Mamy strukturę relacji. Małżeństwo- to struktura. Dwie osoby tworzą coś. W moim odczuciu, jest to struktura, w którą nie można wchodzić i której nie można chcieć burzyć (choć diabeł wejdzie) , jeśli nie jesteś jej członkiem.

Jasne, możesz myśleć, że ta struktura jest gówniana. Pytanie tylko czy to Twoje gówno jest. Jeśli nie- trzymać się z dala. Podobnie ze strukturą firmy. Możemy spotkać kogoś kto na biznesie zna się sto razy lepiej od nas i poprosić go o pomoc w zmianie struktury, ale nikt nie powinien chcieć robić tego bez prośby z naszej strony. Jeśli chce to zrobić- mamy diabełka.


Nie oceniajmy jednak, bo wiadomo, ocenianie to nie ta droga. Zadajmy sobie pytanie, jeśli pojawił się diabełek, z jakiego powodu on się pojawił w ogóle i jak drania rozpoznać.

Jestem mistrzem w rozpoznawaniu diabłów.
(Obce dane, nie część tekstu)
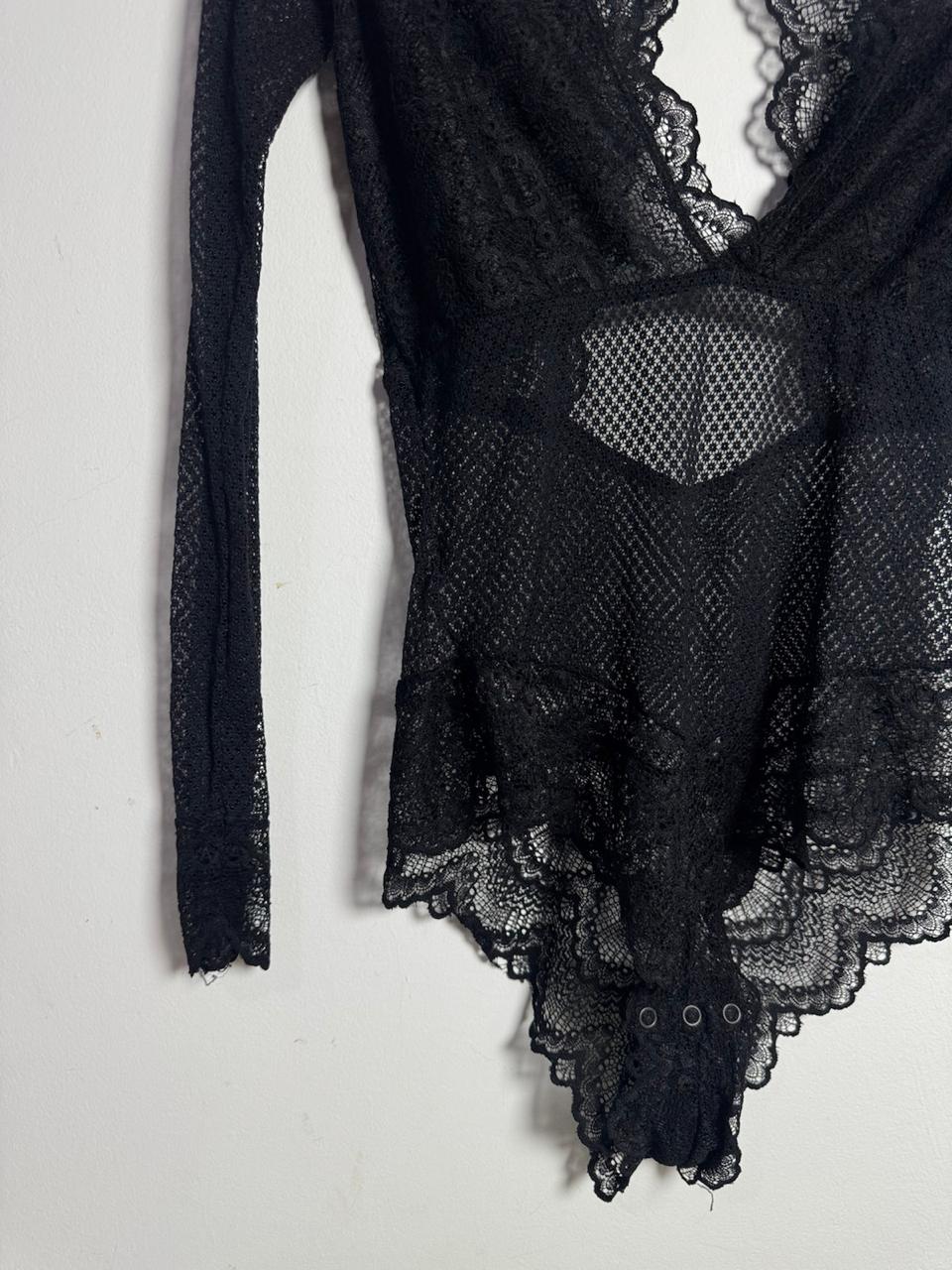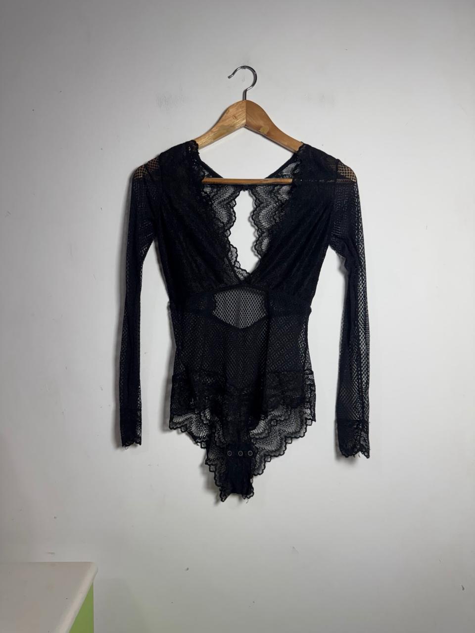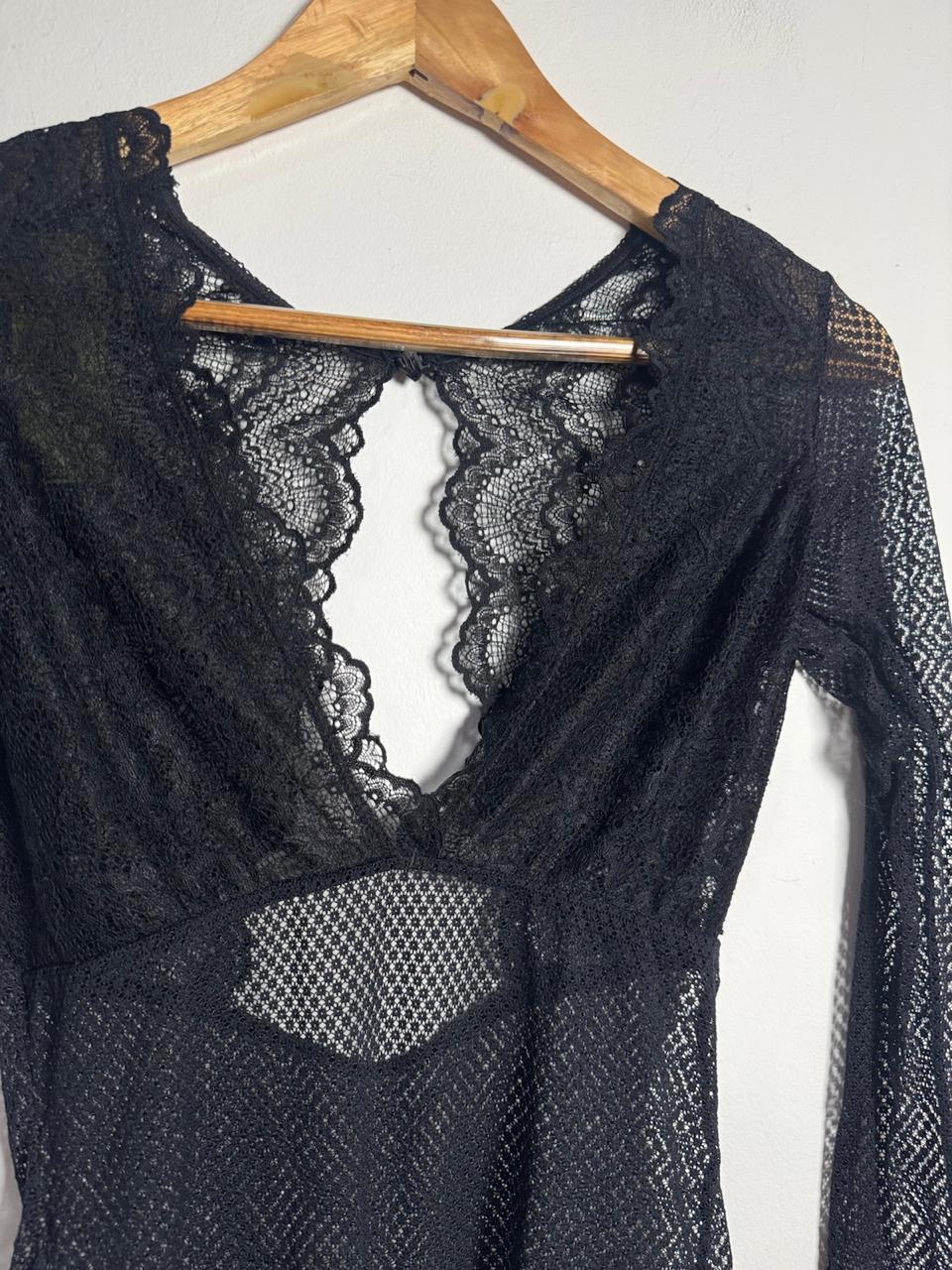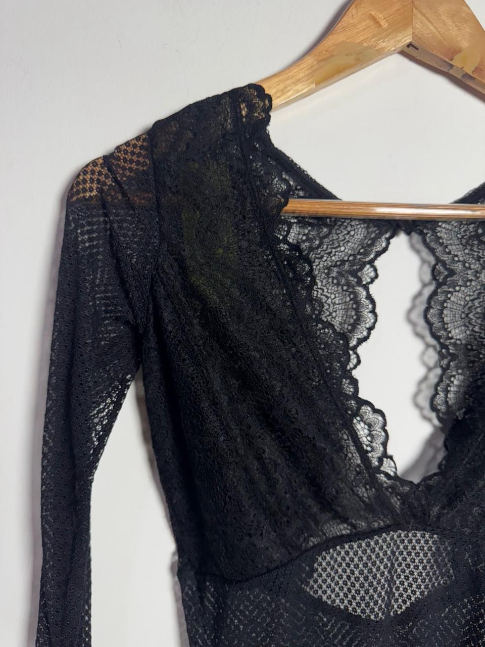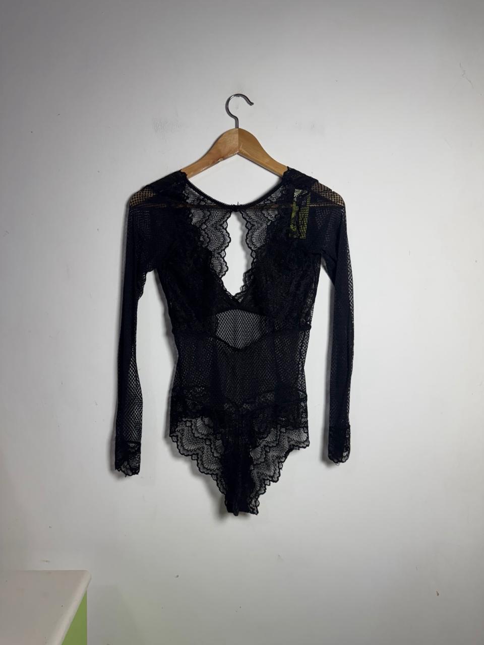 Body preto com transparência nas mangas compridas e detalhes rendados no busto. Peça de ajuste justo ao corpo, perfeita para compor visuais noturnos com elegância.

Jak nie śpię, znaczy jest diabeł. Jak się czuję źle, a nic złego nie zrobiłam, znaczy jest diabeł. I nic mnie nie przekona, że jest inaczej. Jak spada moja moc, poziom energii- diabeł buja.

I jasne, to mogę być ja sama, ale o tym później :-)


Otóż, każdy kto wbija w strukturę powodując emocje z dołu mapy poziomów świadomości, to ten właśnie diabełek. Co on mi rozbija można pomyśleć? Ano rozbija strukturę emocjonalną, czyli strukturę naszego "ja". To nauczyciel. Chcemy czy nie chcemy, przy diabełku będzie lekcja. Można by powiedzieć, że ta lekcja jest negatywna, ale ja tak tego nie czuję. Może i ta struktura miała być rozbita? Może nowa, będzie lepsza? Z mojego doświadczenia wynika, że tak, o ile wyjdziemy z roli ofiary.

Diabełki które nam fundują szereg negatywnych emocji pokazują nam to, co jest w nas do uleczenia. I chwała im za to. Zawsze lepiej wiedzieć, niż nie wiedzieć. I tak, te lekcje są trudne jak cholera, a wyleczenie swoich ran zajmuje bardzo dużo czasu ale... Będzie trudno, ale będzie warto! Obiecuję.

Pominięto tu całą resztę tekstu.